** What you should do **
Beginning with the line of the entries below that holds "投影機技術基本顯影原理相仿,主要是由鹵素" and ending with the line that holds "195X-D Small Cents", transcribe each line exactly as written. Pictures stay out.

Supplied data below:

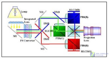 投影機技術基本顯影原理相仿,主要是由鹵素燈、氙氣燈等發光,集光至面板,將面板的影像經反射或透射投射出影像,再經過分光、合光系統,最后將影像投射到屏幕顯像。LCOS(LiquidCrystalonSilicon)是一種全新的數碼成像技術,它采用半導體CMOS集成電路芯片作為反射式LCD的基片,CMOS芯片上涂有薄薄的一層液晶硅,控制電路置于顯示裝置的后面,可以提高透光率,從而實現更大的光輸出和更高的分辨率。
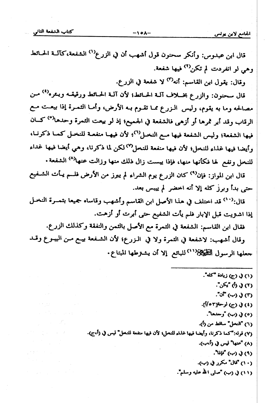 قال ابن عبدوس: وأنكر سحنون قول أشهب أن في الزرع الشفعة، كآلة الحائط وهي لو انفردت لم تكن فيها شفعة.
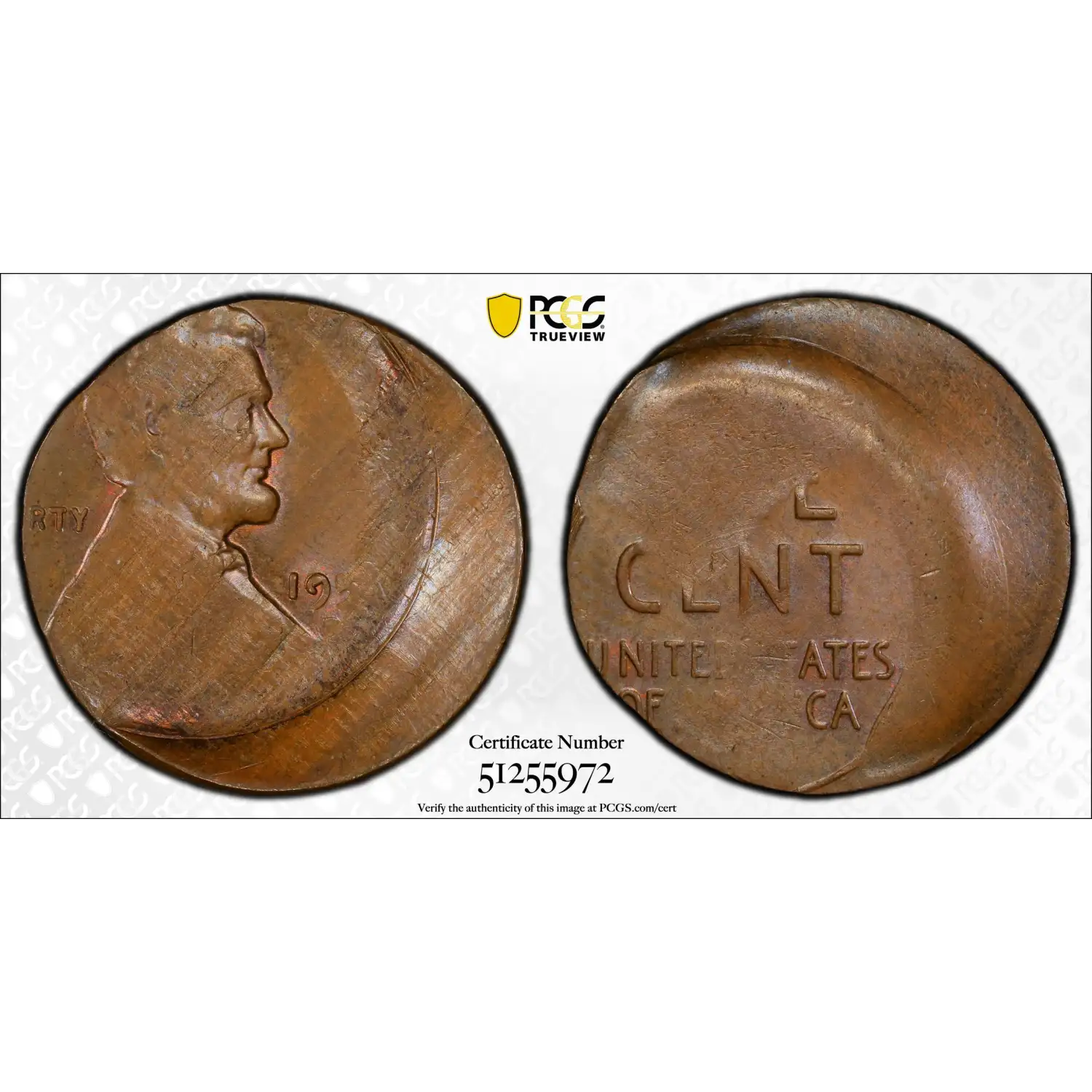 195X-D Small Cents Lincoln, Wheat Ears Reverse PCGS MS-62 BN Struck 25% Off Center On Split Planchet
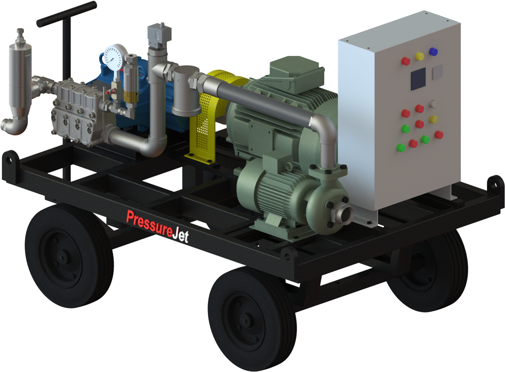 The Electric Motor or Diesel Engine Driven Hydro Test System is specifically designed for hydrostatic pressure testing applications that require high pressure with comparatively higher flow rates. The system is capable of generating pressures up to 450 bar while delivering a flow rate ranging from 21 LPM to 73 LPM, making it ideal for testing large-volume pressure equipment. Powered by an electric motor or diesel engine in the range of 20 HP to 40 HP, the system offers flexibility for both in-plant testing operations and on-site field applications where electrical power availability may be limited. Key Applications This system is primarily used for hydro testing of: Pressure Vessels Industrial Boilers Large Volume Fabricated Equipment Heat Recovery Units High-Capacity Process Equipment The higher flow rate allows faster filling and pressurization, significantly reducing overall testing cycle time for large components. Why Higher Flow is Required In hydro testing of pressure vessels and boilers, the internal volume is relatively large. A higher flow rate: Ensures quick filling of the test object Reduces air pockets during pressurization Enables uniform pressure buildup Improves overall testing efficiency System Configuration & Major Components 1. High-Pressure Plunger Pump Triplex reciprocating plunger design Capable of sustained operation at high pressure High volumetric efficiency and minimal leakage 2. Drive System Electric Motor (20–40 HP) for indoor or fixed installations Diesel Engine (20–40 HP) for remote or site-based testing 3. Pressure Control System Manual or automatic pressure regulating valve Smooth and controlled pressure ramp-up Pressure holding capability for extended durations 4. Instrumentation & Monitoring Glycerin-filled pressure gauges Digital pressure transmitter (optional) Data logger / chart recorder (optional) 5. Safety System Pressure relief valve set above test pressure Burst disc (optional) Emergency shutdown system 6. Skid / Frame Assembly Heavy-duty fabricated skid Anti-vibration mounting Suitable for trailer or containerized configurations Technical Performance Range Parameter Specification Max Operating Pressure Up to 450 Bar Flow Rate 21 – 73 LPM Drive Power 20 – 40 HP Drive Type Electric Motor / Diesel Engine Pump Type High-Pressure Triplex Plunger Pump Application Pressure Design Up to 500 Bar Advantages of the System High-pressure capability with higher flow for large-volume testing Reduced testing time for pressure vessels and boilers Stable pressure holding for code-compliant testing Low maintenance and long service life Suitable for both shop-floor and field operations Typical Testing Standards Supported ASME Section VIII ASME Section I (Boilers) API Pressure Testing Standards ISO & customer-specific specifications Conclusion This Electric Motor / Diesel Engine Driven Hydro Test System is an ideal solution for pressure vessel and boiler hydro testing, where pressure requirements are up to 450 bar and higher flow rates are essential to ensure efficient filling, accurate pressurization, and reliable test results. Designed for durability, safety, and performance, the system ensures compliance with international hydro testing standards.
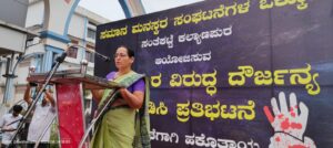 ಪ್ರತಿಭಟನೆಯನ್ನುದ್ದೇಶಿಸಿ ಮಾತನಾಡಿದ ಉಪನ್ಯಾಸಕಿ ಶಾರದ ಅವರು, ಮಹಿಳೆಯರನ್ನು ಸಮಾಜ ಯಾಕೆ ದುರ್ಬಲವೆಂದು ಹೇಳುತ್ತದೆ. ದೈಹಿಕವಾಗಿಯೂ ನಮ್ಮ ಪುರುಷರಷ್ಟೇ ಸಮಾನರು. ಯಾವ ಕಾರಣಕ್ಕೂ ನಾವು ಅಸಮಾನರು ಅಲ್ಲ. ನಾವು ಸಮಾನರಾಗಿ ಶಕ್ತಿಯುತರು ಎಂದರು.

End of Supplied data.
Supplied data below:

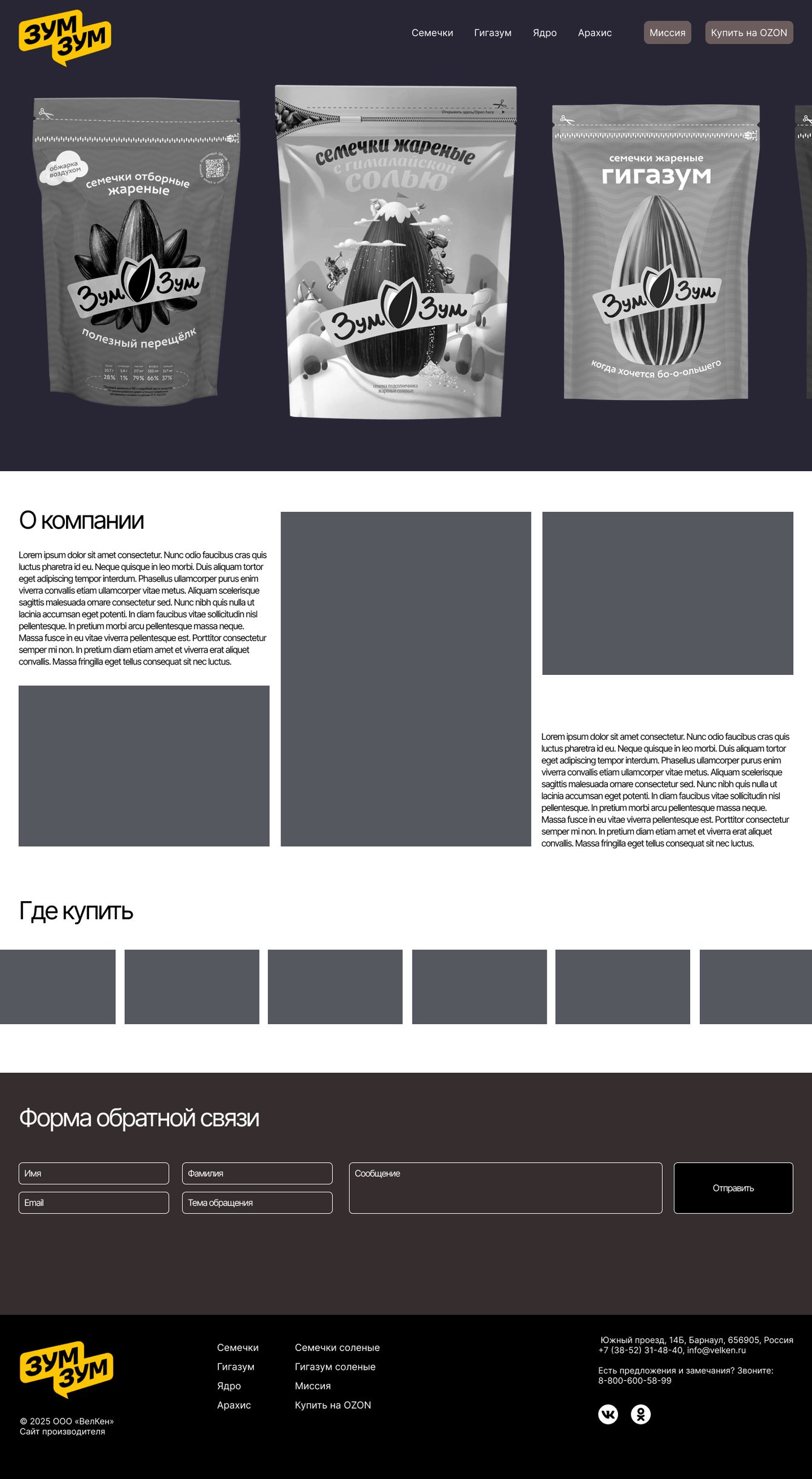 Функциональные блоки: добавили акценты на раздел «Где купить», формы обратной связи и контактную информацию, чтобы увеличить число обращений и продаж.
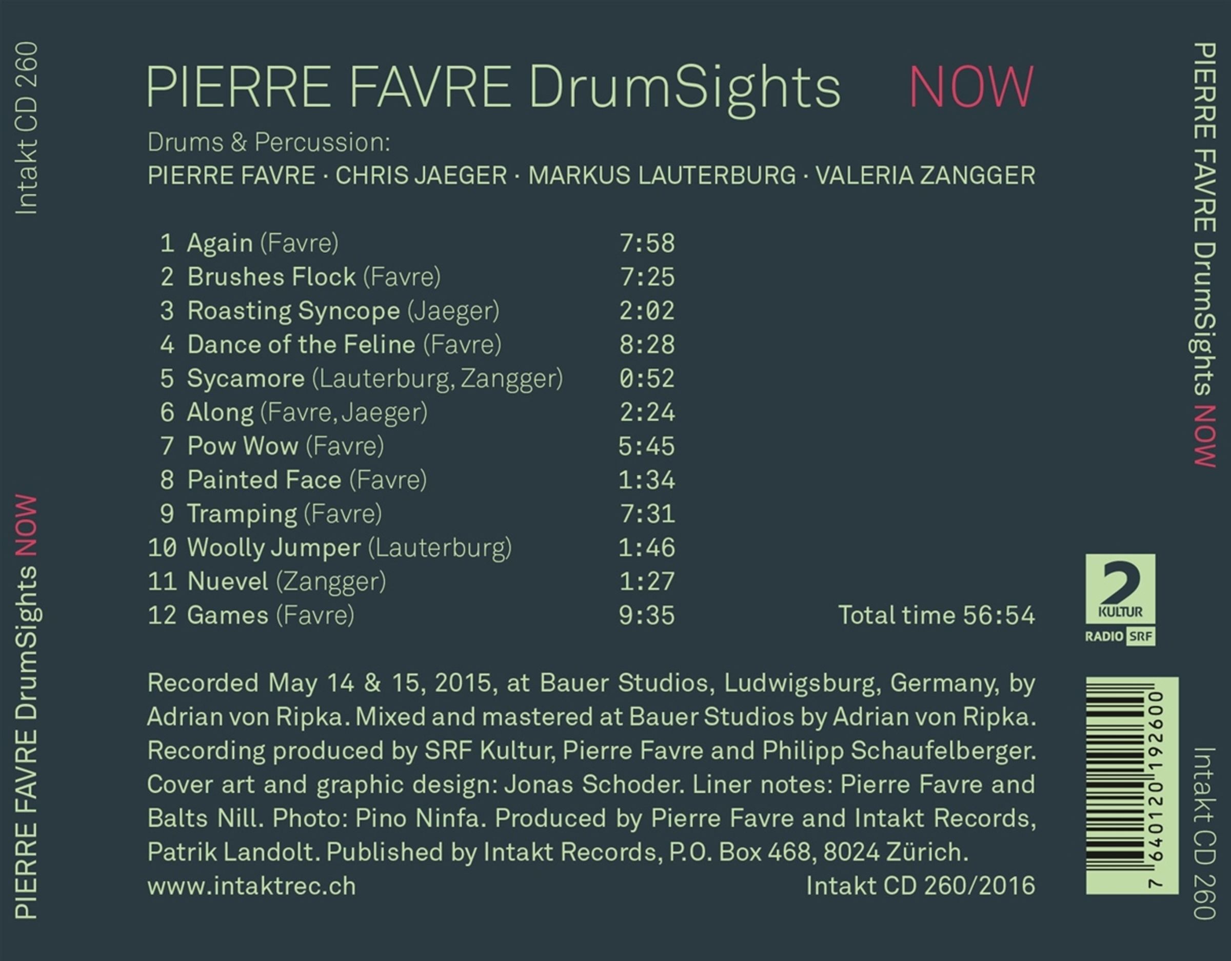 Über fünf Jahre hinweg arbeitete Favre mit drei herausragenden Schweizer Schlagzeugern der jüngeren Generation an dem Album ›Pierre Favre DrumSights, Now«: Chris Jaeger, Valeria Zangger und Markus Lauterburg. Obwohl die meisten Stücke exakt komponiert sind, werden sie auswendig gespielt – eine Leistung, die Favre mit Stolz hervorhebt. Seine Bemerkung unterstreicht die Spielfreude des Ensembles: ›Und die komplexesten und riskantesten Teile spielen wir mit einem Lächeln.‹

End of Supplied data.
Supplied data below:

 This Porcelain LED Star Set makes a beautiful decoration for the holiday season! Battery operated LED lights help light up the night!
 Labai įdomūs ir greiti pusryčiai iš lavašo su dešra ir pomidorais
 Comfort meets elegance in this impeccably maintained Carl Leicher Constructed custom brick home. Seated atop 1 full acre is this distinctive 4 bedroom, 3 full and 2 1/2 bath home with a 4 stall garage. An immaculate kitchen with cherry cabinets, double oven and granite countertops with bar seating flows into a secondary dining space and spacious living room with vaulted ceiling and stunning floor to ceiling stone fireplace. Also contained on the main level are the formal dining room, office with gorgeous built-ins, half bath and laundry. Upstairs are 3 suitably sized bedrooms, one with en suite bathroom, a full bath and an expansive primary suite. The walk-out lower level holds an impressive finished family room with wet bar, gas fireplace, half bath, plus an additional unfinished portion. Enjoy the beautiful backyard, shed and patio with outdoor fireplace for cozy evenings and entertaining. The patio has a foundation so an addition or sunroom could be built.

End of Supplied data.

** Task response **
 投影機技術基本顯影原理相仿,主要是由鹵素燈、氙氣燈等發光,集光至面板,將面板的影像經反射或透射投射出影像,再經過分光、合光系統,最后將影像投射到屏幕顯像。LCOS(LiquidCrystalonSilicon)是一種全新的數碼成像技術,它采用半導體CMOS集成電路芯片作為反射式LCD的基片,CMOS芯片上涂有薄薄的一層液晶硅,控制電路置于顯示裝置的后面,可以提高透光率,從而實現更大的光輸出和更高的分辨率。
 قال ابن عبدوس: وأنكر سحنون قول أشهب أن في الزرع الشفعة، كآلة الحائط وهي لو انفردت لم تكن فيها شفعة.
 195X-D Small Cents Lincoln, Wheat Ears Reverse PCGS MS-62 BN Struck 25% Off Center On Split Planchet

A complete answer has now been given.